Memcached design and comparison with Redis - leventov
http://key-value-stories.blogspot.com/2015/02/memcached-internals-design.html

======
nemothekid
While memcache and redis are often compared, I don't think its entirely fair
to compare them. Redis and Memcache have very different design goals. I don't
think anyone is using memcache as a primary source of truth or wishes it has
persistence. Memcache is a cache, Redis is a database.

Redis offers much more than Memcache, even it its at the cost of performance.
The article assumes that everyone runs redis like they run memcached. They
don't ([http://blog.pivotal.io/pivotal/case-studies-2/case-study-
how...](http://blog.pivotal.io/pivotal/case-studies-2/case-study-how-hulu-
scaled-serving-4-billion-videos-using-redis)) and if Salvatore were to fork
memcached to try and get many of those features into memcached its doubtful
the community would ever accept it.

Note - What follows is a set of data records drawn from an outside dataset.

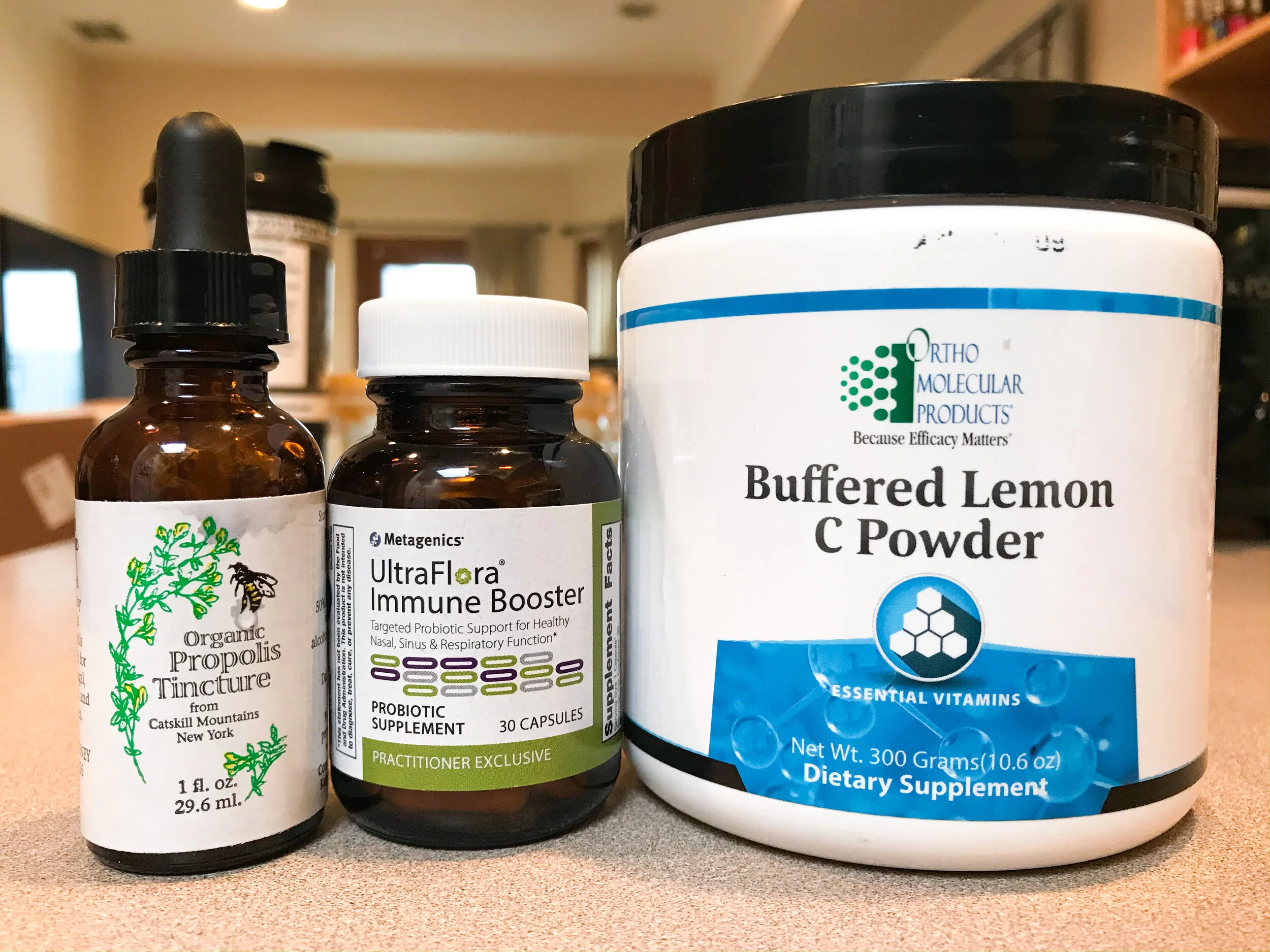 vitamin C - This may not come as a surprise, but vitamin C is crucial for supporting the immune system. This well known nutrient is also a key antioxidant that protects cells from free radical damage, thus boosting the immune system.* While all of this craziness is going on, we're taking 1g twice a day, just to be on the safe side. If you are sensitive to the acidity, opt for the buffered vitamin C like Ortho Molecular's Buffered Lemon C Powder. I like adding this powder to my protein shake in the morning - especially if there are tart fruits like berries in the shake.
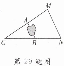 29. 如图,$A$,$B$两点被池塘隔开,不能直接测量其距离。于是,小明在岸边选一点$C$,连接$CA$,$CB$,分别延长到点$M$,$N$,使$AM = AC$,$BN = BC$,测得$MN = 200m$,则$A$,$B$间的距离为______
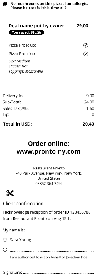 The device will notify you every time you get a new order, giving you 3 minutes to review and confirm the order or set for automatic approval. So, your customers will know exactly when you’ve accepted it.
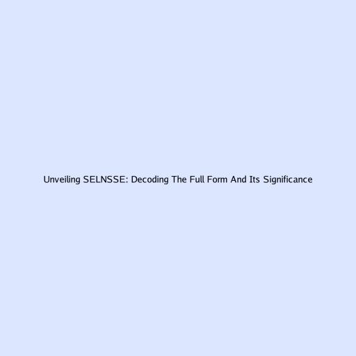 Unveiling SELNSSE: Decoding The Full Form And Its Significance
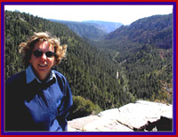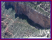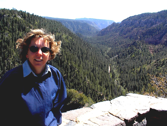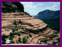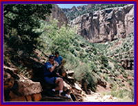 The road descended down through the canyon like a majestic staircase. We could have been in the Pennsylvania mountains except for the huge rock faces visible behind the trees. The Big Kahuna was in the lead with Jackie and Barry following in the possessed Grand Am rental car. On our descent, we traveled through 5 rock layers.
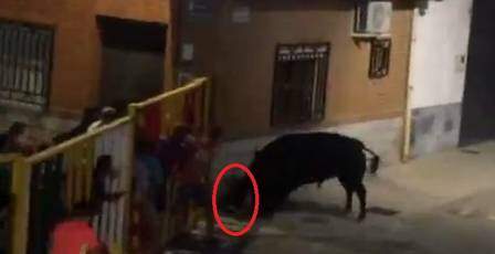 No vídeo, é possível ver que um dos animais sai em disparada na direção do homem que filmava a tourada, do lado de fora da cerca de segurança. A vítima não percebe a aproximação do bicho. O homem é lançado ao ar, cai no chão e recebe várias chifradas. A cena choca as testemunhas.
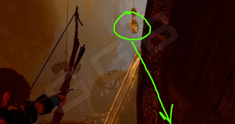 Здесь снова будут враги, но походу дела поднимайтесь наверх строения. Слева будет еще один механизм, что нужно привести в действие. Уровень воды опять поднимется, и вы увидите совсем рядом свой плот. Бегите направо по суше и плот немного к вам приплывет. С помощью стрелы и веревки подтяните его к себе. Соедините его с осью колеса. Запрыгивайте и плывите.
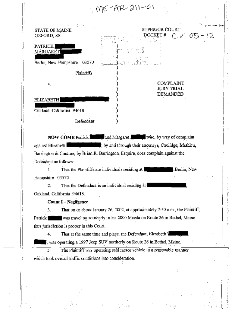 Get the free A01 Complaint - Personal Injury and Loss of Consortium Due to Negligent Operation of...
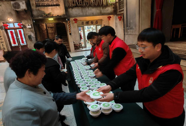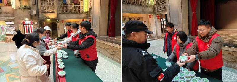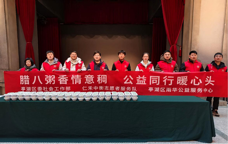 腊八送温暖,粥香情更浓。1月26日,集团志愿者服务队携手亭湖区委社会工作部、亭湖区雨华公益服务中心,在建军路竹林大饭店共同组织开展了“腊八粥香情意稠·公益同行暖心头”腊八节主题志愿服务活动,为寒冬中坚守岗位的安保人员、环卫工人、快递小哥及过往市民送上热气腾腾的腊八粥与节日祝福,以实际行动传承传统文化,传递温情。
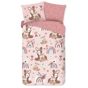 Good Morning Kinderdekbedovertrek bambi hert met regenboog - Roze - 140x200/220 cm - Katoen
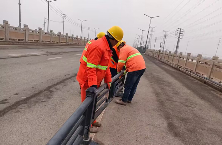 道路養(yǎng)護班組根據多日來梳理形成的問題清單,制定切實可行的維修方案,確保安裝質量和進度。在蘇海路維修更換老款護欄時,為了達到全路段護欄設施的整體性、連續(xù)性、統(tǒng)一性,養(yǎng)護人員積極作為,對先前更換拆下的老款護欄進行合理利用,相對完好的,用于同款護欄的補換及用于日后臨時應急道口封控保障等。
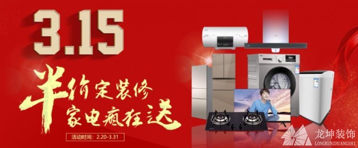 龍坤裝飾3.15集結號,半價定裝修,家電瘋狂送?。?!
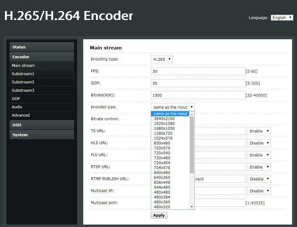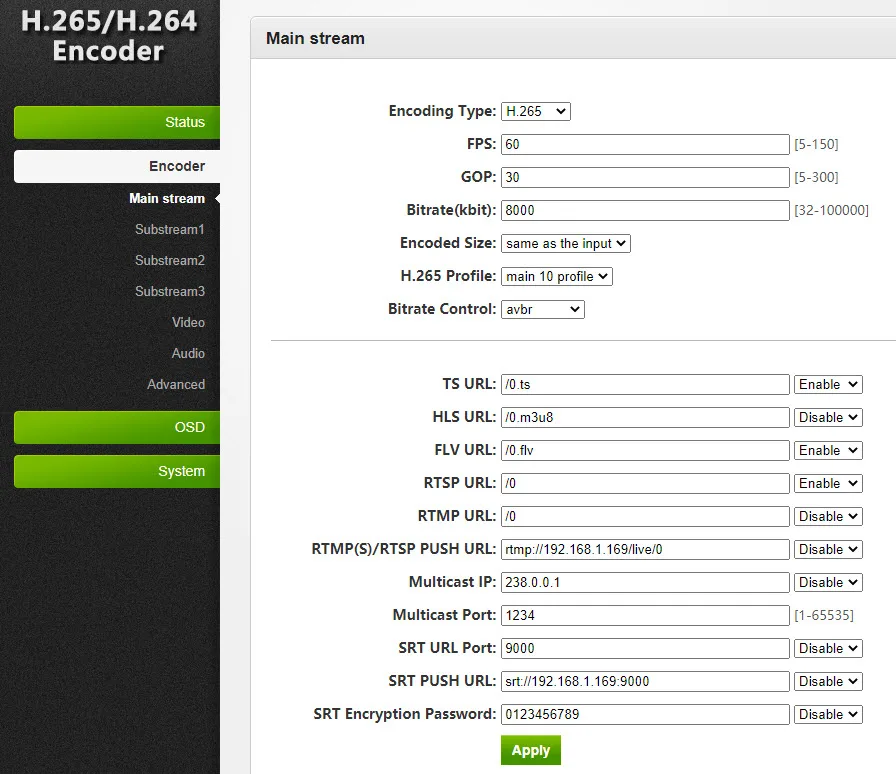 1. Встроенная система Linux, стабильная и эффективная. 2. Дружественный пользовательский интерфейс веб-управления, по умолчанию IP 192.168.1.168, имя пользователя и пароль все admin. 3. Поддержка протоколов RTMP, RTSP, UDP, HTTP, HLS, FLV и ONVIF. 4. Поддержка вывода 1 основного потока и 3 промежуточного потока к различным медиа-серверам одновременно. 5. Основной поток поддерживает выходное разрешение-3840x2160 @ 60fps, 1920x1080, 1680x1056, 1280x720, 1024x576, 850x480, 720x576, 720x540, 720x480, 720x404, 704x576, 640x480, 640x360, 608x448, 544x480, 480x480, 480x384, 480x360, 480x320, 480x272, 480x270, 400x320, 400x224, 352x480, 352x228, 320x256, 320x240, 320x180, 240x180, 176x144. 6. Поддержка текста и BMP фото вставка в качестве логотипа потока для основного потока и 2-го потока. 7. Поддерживает два варианта, один-HDMI в видео + HDMI в аудио, другой-HDMI в видео + аудио. 8. Выходной поток битрейт регулируется. 9. Поддержка обновления прошивки. 10. Ip-адрес можно задать самостоятельно. 11. Поддержка дистанционного управления через порт маршрутизатора вперед. 12. Поддержка записи потока TS на usb-диске и tf-карте
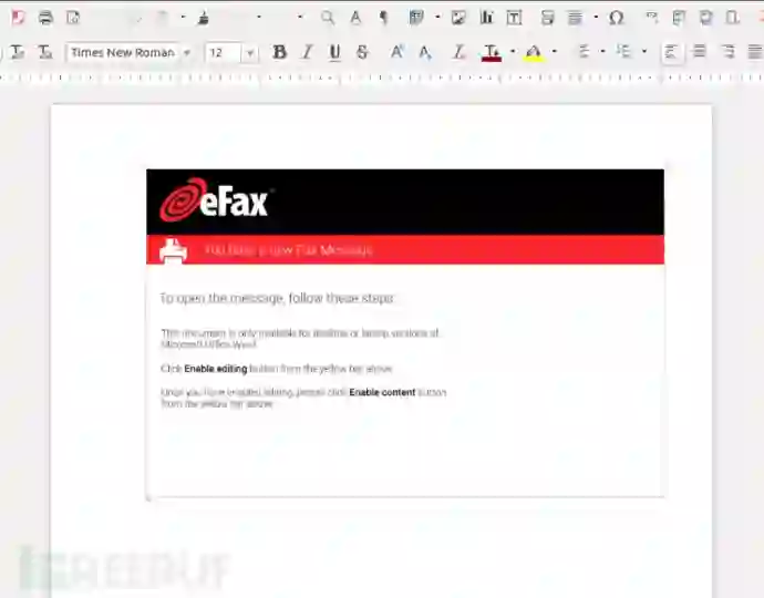 在打开恶意文档之后,我们首先会看到一张图片,告诉我们有一份新的传真电文,并且只有在单击“Enable Editing”和“Enable Content”之后才能查看具体的内容。可恨的是,在点击了所述的按钮之后,我仍然没有能够看到传真电文的实质内容。好吧!反正我也不想看。

If providing those features came at the
cost of performance, it would have been terrible for companies that actually
depended on memcache being a fast in memory cache.

It isn't so much that "Redis is better" it is, Redis is more likely aligned
with what you are trying to do and more flexible. However I doubt you could
convince Facebook to replace memcache with Facebook, for any of the
"engineering efforts" that were put into Redis. Likewise, I doubt Facebook
would be running a fork of memcache that offered Redis-like features.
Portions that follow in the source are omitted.